O HOMEM QUE MATOU O DIABO
Juro-vos que matei o diabo
Agora mesmo!
Saiu debaixo da minha cama, o sacana
E eu dei-lhe uma tal cacetada
Que lhe parti o pescoço
Mas não foi assim que morreu
Não, senhor! Que aquilo é bicho rijo.
Ficou a olhar para mim
De pescoço torcido
Todo nu
Escarlate
Como se estivesse em carne viva.
Só percebi que se tratava
Do diabo
Pelos seus esgares:
Punha a língua de fora
Faiscavam-lhe os olhos
Rodava a cabeça
E abria ainda mais os olhos
Puxava pela barbicha
Esticava ainda mais a língua
Até lhe tocar na ponta do queixo.
Foi aí que disse:
“Bolas! Este gajo é o diabo!”
Há quanto tempo estaria debaixo
Da minha cama?
E o que faria ele ali?
Podeis com toda a razão perguntar.
Para que não restasse qualquer dúvida
Acerca da minha inconivência
Com tão encarniçada criatura
Espetei-lhe com o candeeiro de loiça
Nos cornos. O que o colocou
Ainda mais de banda.
Depois pensei:
Será que o gajo anda
Metido com a minha mulher?
Se até agora não tinha
Dado sinal da sua presença
Alguma coisa tinha a esconder
Pois com certeza há muito
Que aqui estava.
Todos sabem que tanto deus
Como o diabo estão em todo o lado
Desde que o homem é homem.
Ocultava as suas intenções
Talvez mesmo as suas atividades.
Abeirei-me da lareira
Peguei num tição em brasa
E enfiei-lho pela boca abaixo.
Estrebuchou divertidamente
Fez-lhe cócegas, parece.
E nem um gesto em sua defesa fez
O malandro!
Pois é assim que o diabo nos apanha
– fazendo-se de sonso.
De qualquer forma, o problema
Mantinha-se:
O mafarrico estava
De pescoço à banda
E goela escancarada
No meio do meu quarto.
A situação era embaraçosa
A alcatifa estava toda suja
Se entrasse alguém
Com certeza me julgaria
Em negociações com o dito cujo.
O que seria uma vergonha
E a culpa não era minha.
Eu andava metido na minha vida
Em limpezas de primavera
Quando dei por ele
Até pensava que era o gato
Que ali estava escondido
Quando o cutuquei
Com o cabo da vassoura.
Devem estar com curiosidade
Para saber como o matei.
O sacana parecia perfeitamente
Indestrutível. A cada golpe ficava
Mais assanhado.
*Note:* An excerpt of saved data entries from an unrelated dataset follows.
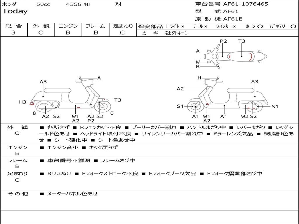 | Номер рамы / VIN | AF61-1076465 |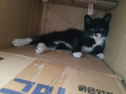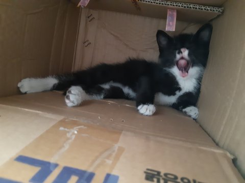 지금은 상자 안에서 안정 취하고 있어요 ㅎㅎ 귀엽긴 하네요 짜식!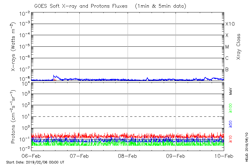 This page provides light-curves generated from GOES soft X-ray and Particle data for the date indicated at the top and the preceding three days.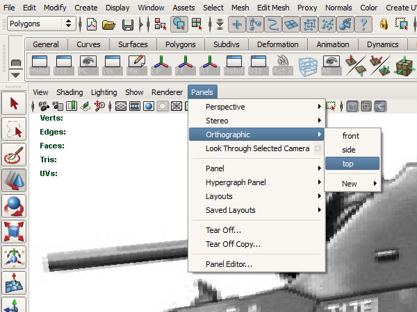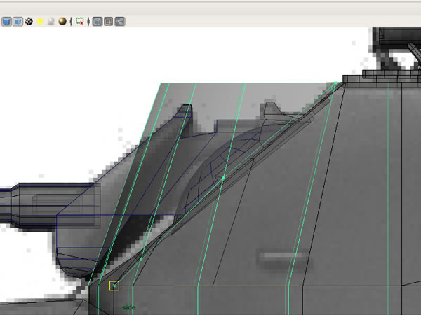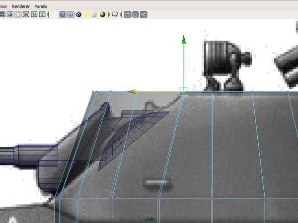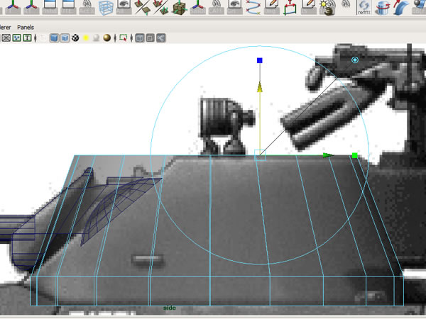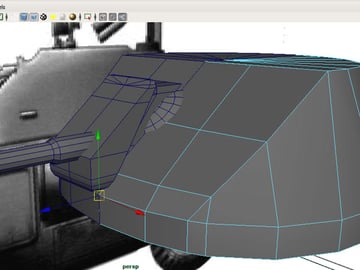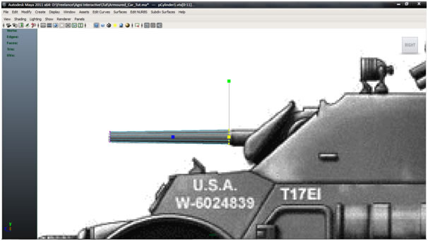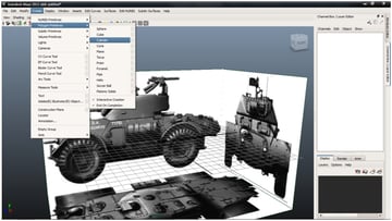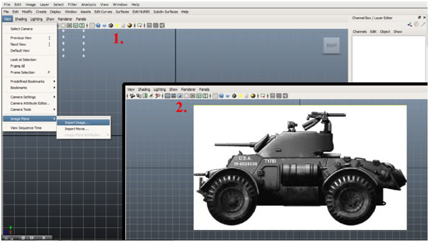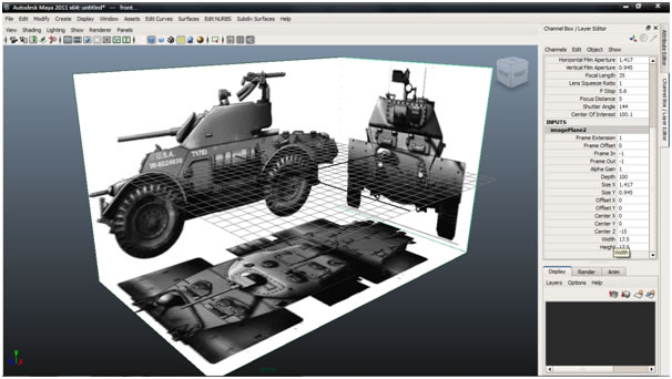 Now that we have made sure that our blueprints are matched correctly in photoshop, our second task is to use these as image planes in the Maya viewports. Open the Four-View layout, and in the Side view go to "View>Image Plane>Import Image”, and import the ‘Armored Car Side’ image.

Cada vez mais vermelhusco.
Como se me incentivasse à ignominia.
A certa altura até colocou o braço
Por cima do meu ombro
Como se fossemos amigalhaços
Em estreita cumplicidade
Companheiros de vida!
Foi nesse momento que a minha mulher
Chegou do supermercado.
Tomando a dianteira, disse-lhe logo:
“Ouve lá! O que fazia o diabo
Debaixo da nossa cama?”
Ao que ela respondeu:
“Ai, não sei de nada!”
Mau... fiquei ainda mais desconfiado.
Depois de uma pausa acrescentou:
“Fará, com certeza, coisas bem diferentes
Do que fazemos em cima dela [da cama].”
Não gostei daquela censura.
Cabrão do diabo. Andava a comê-la!
“Pobre coitado. Olha para o estado em que o deixaste.”
Acrescentou ainda
“Ah, ainda tens pena do diabo.
De mim ninguém tem pena!
Até parece que agora a culpa é minha
Um homem vê-se confrontado com o diabo
No seu próprio quarto
E se reage em legítima defesa
Perante uma tal afronta
Ainda é censurado
Daqui a pouco sou eu o mau da fita.”
Por essa altura o diabo
Que mal se tinha de pé
Começou a andar às arrecuas
Encostando o traseiro contra mim.
Vi-lhe então a rabo serpenteante
Que se levantou até me fazer
Cócegas no nariz, espanejando-me o bigode.
“Maldito sejas!”, disse eu irado
Tirei o canivete do bolso
E cortei-lhe o rabo rente:
“Ora toma, para ver se gostas!”
E foi assim que o matei.
Caiu redondo com a cara na alcatifa
De traseiro empinado.
Mas a cauda não parava de se agitar na minha mão
E num passe de mágica
Saltou para dentro das minhas calças
E colou-se ao meu próprio rabo.
O diabo estava um sorriso nos lábios
Apaziguado. Disse então as suas primeiras
E últimas palavras:
“Sabes que quem mata o diabo
Torna-se ele próprio o diabo
Porque o diabo nunca acaba.”
E a minha mulher, por sua vez, disse:
“Ai querido, ficas tão bem com essa cauda.”